The range to repeat runs from the line with "翠金鹃体长约17厘米,雄鸟上体辉绿色,头至背缀有很多棕栗色,…" to the last line below, both ends included; give it exactly and without pictures.
>>
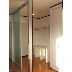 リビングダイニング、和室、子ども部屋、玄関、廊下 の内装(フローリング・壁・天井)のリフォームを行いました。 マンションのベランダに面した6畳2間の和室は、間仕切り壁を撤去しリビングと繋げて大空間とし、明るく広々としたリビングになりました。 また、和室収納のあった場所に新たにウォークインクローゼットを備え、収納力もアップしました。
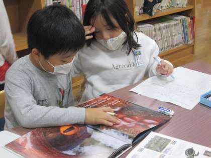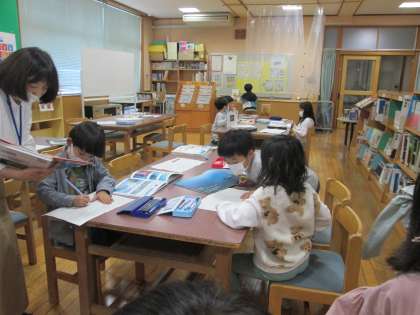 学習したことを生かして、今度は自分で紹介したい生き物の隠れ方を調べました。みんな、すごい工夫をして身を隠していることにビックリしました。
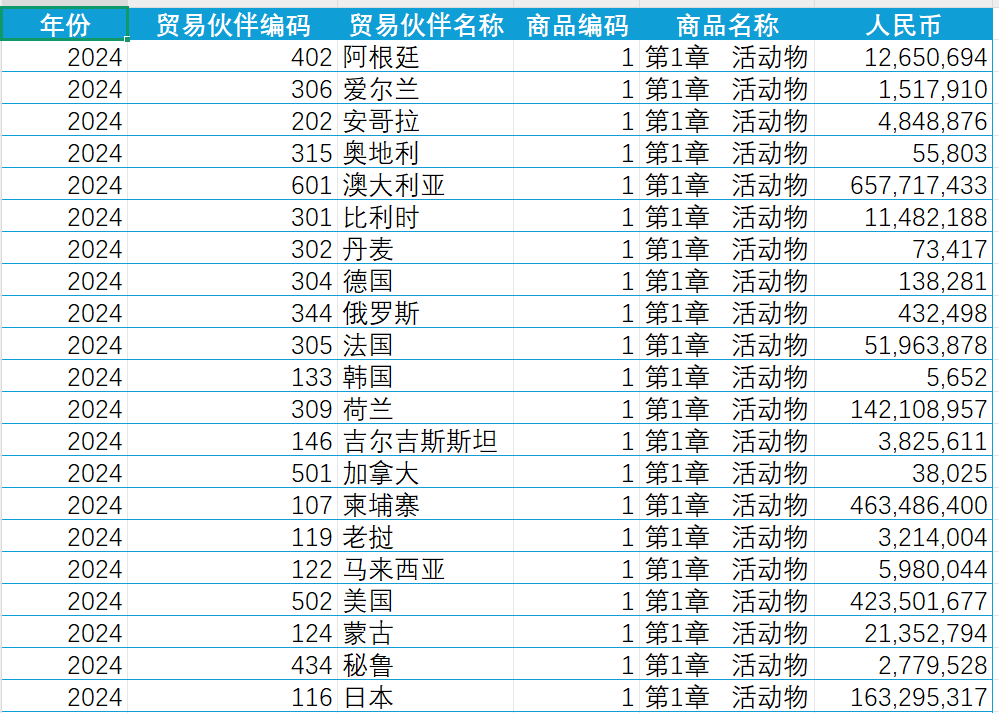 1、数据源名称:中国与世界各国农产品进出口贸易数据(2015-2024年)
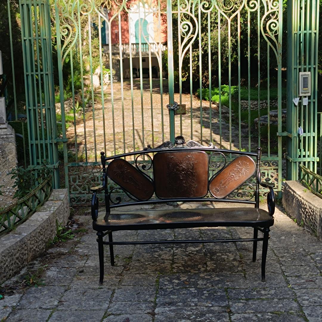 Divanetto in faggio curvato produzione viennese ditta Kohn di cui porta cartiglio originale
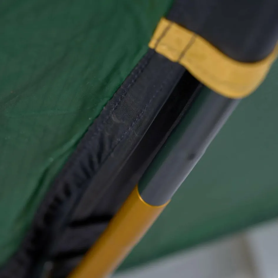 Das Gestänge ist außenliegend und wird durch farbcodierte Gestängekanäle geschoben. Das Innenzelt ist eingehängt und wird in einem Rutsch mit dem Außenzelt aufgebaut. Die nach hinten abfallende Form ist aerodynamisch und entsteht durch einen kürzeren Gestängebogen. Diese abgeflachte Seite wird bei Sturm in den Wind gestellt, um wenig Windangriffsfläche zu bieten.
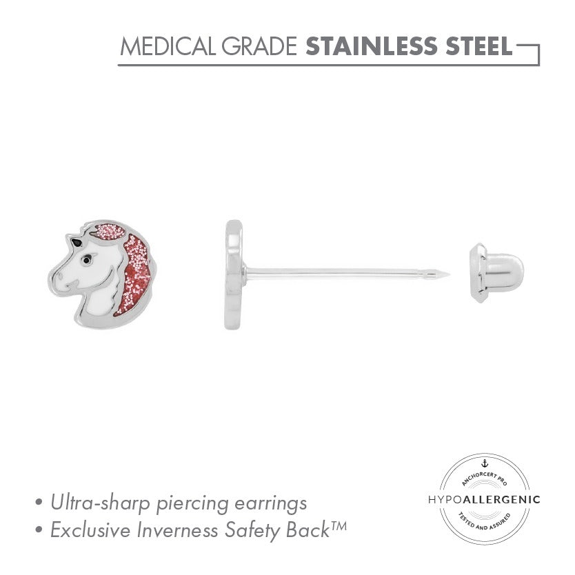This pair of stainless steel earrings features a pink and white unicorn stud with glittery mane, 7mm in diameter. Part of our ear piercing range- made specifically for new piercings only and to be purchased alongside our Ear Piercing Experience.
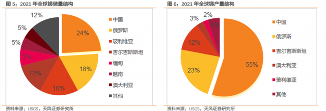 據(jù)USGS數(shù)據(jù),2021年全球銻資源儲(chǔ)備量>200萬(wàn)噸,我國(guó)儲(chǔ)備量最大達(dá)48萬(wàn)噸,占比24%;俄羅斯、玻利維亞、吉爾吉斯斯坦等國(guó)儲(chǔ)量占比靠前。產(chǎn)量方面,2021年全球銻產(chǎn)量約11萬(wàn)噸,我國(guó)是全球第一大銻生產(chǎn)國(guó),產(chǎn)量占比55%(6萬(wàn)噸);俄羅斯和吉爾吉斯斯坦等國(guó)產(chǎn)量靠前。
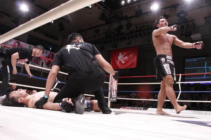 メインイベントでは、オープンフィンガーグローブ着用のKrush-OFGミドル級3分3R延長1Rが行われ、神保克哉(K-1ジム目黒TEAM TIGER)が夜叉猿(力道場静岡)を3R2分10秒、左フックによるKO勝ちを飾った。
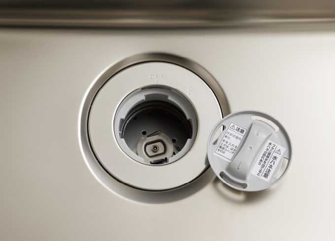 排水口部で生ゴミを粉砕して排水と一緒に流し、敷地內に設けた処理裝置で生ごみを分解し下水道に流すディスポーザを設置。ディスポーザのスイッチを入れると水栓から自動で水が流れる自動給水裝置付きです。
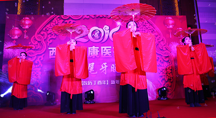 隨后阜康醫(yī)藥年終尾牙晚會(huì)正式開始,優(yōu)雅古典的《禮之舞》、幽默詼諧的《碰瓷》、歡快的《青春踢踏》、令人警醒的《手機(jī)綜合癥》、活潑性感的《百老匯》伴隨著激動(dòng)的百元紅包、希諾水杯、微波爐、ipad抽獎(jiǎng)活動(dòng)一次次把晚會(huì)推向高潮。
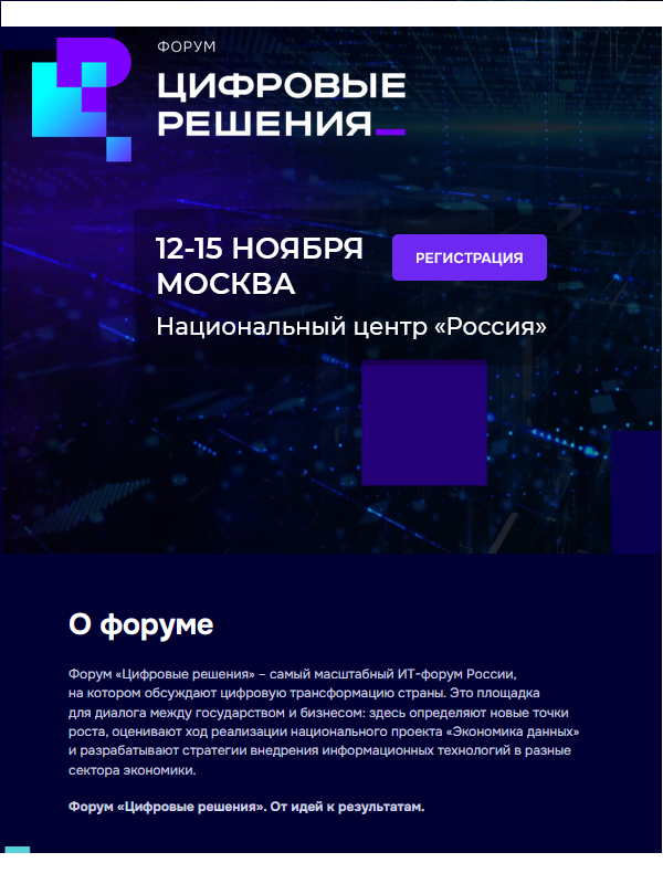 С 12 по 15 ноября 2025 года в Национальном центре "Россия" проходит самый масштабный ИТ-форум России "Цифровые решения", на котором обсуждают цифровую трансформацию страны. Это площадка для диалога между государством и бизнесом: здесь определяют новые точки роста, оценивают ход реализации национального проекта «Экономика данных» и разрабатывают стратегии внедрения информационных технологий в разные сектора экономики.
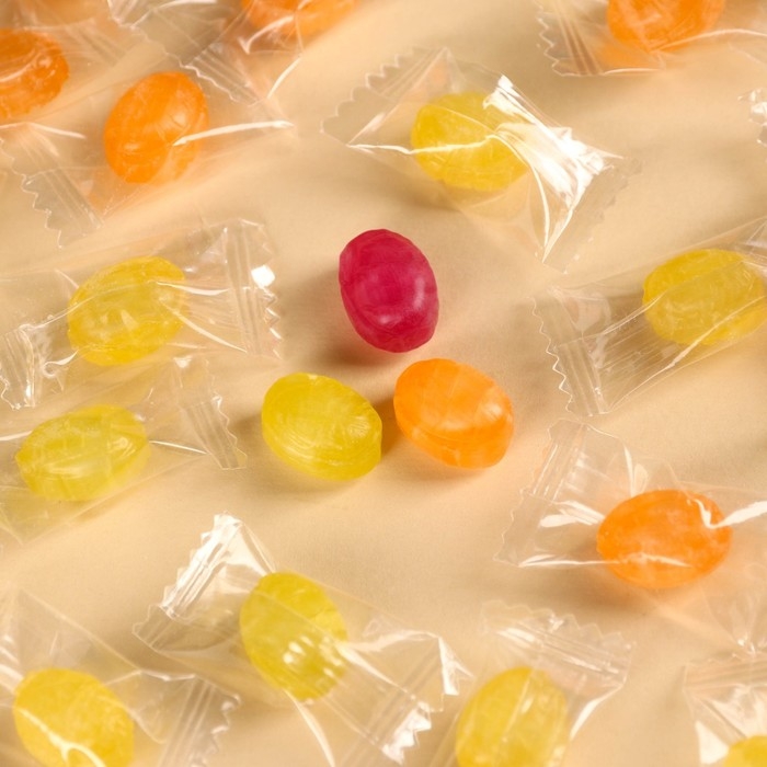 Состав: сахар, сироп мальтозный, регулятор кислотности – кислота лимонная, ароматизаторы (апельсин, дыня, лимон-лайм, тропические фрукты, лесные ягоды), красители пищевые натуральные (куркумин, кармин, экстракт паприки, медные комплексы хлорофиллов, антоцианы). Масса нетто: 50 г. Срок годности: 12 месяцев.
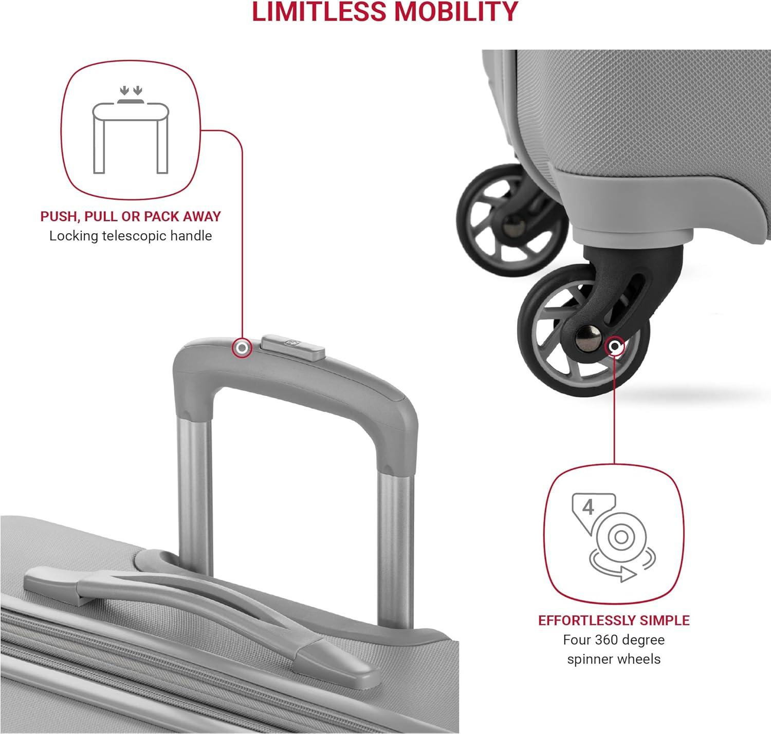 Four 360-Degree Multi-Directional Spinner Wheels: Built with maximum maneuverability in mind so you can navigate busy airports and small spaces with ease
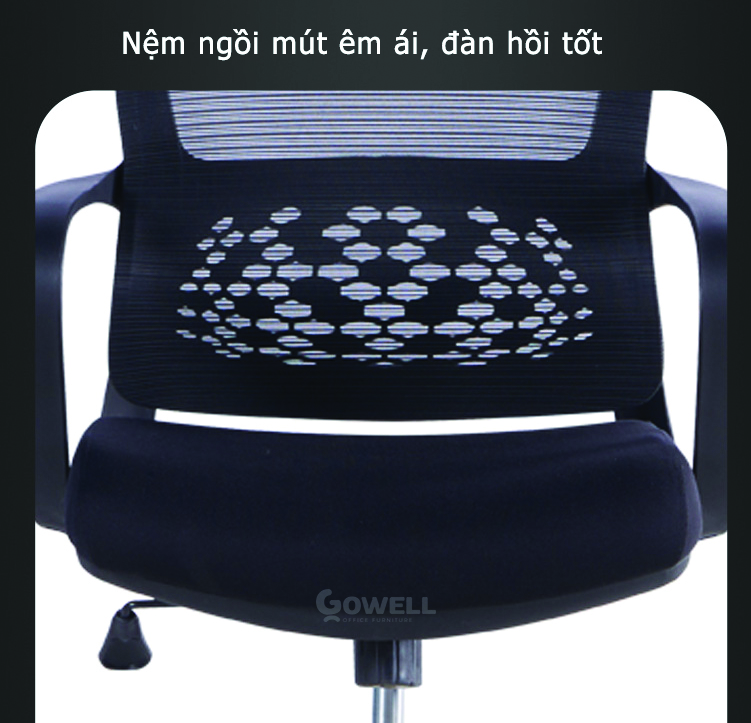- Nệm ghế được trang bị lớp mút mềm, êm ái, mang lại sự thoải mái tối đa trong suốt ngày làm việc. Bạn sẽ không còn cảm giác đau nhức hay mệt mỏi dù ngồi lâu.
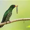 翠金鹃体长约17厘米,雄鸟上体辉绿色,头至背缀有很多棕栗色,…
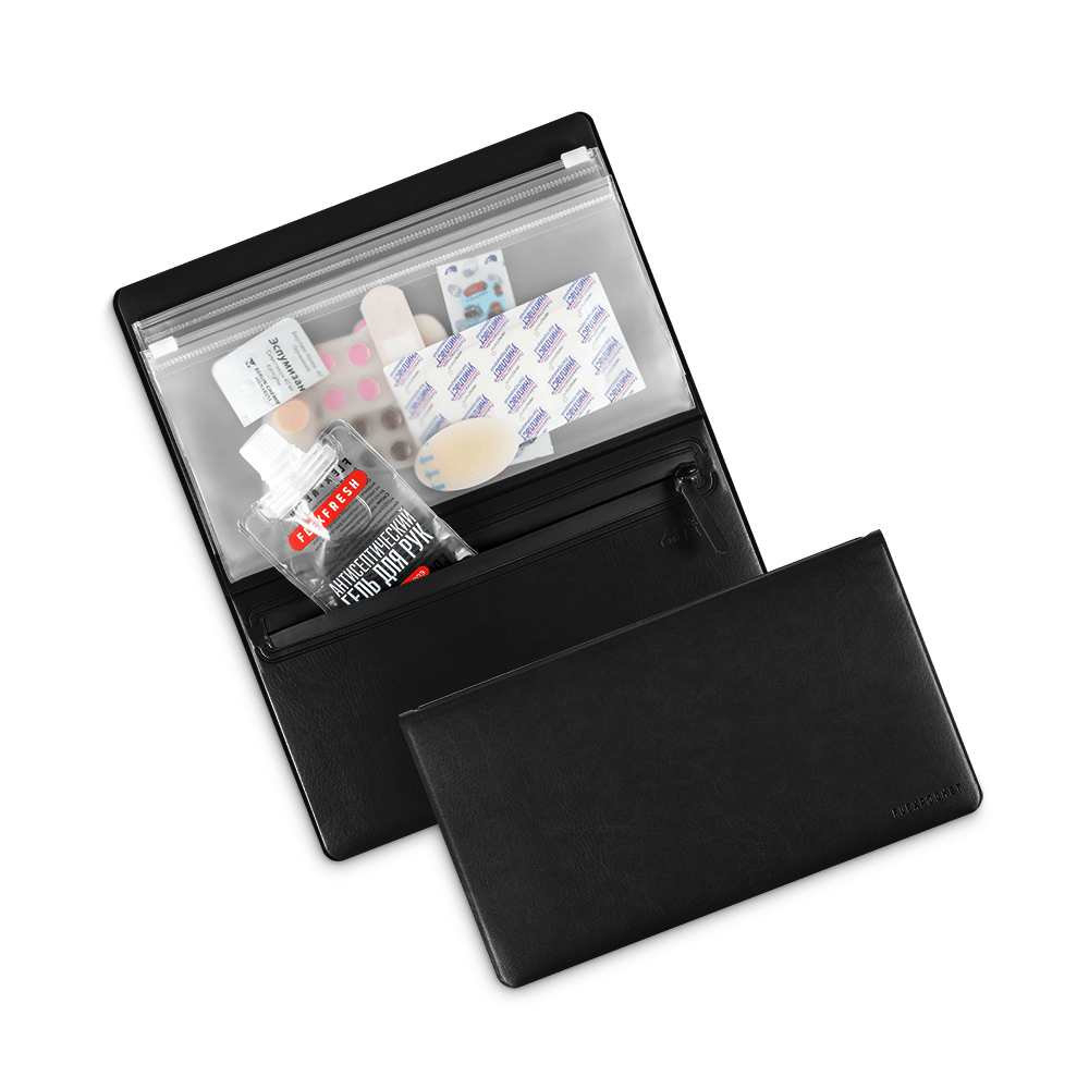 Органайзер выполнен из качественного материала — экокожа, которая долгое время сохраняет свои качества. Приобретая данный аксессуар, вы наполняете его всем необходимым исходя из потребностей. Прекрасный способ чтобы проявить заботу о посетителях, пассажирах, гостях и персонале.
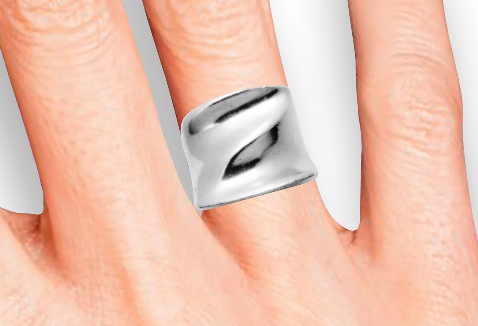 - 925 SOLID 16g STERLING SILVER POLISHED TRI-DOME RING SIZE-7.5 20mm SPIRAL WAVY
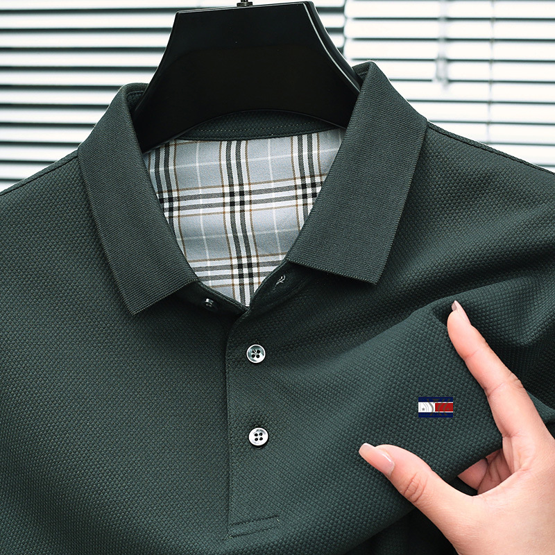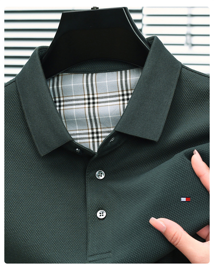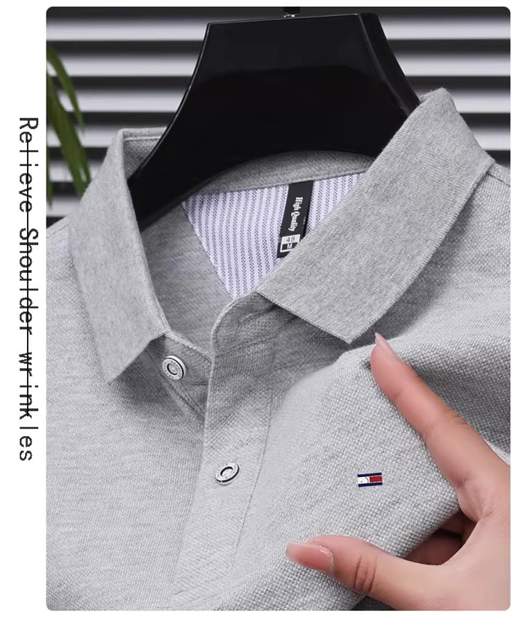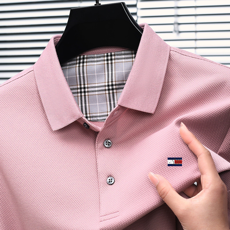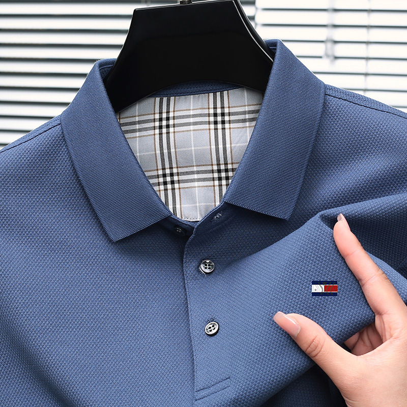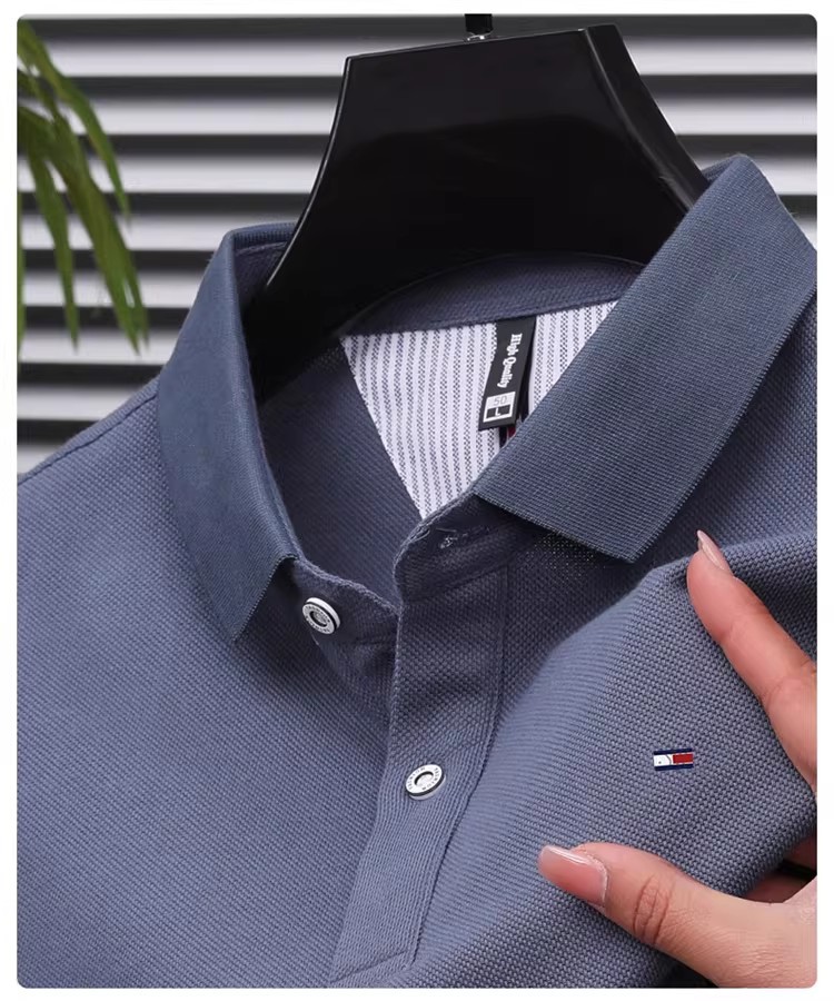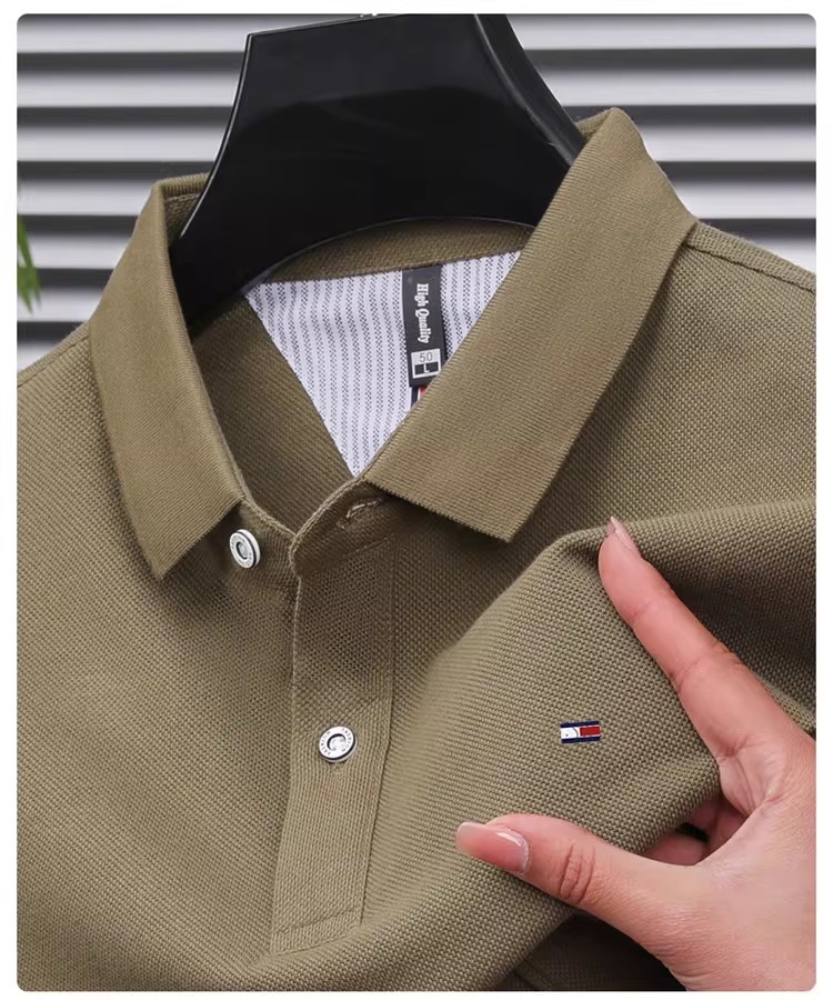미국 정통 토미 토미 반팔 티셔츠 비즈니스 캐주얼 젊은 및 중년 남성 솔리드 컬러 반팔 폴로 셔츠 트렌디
<<
Task output:
 翠金鹃体长约17厘米,雄鸟上体辉绿色,头至背缀有很多棕栗色,…
 Органайзер выполнен из качественного материала — экокожа, которая долгое время сохраняет свои качества. Приобретая данный аксессуар, вы наполняете его всем необходимым исходя из потребностей. Прекрасный способ чтобы проявить заботу о посетителях, пассажирах, гостях и персонале.
 - 925 SOLID 16g STERLING SILVER POLISHED TRI-DOME RING SIZE-7.5 20mm SPIRAL WAVY
미국 정통 토미 토미 반팔 티셔츠 비즈니스 캐주얼 젊은 및 중년 남성 솔리드 컬러 반팔 폴로 셔츠 트렌디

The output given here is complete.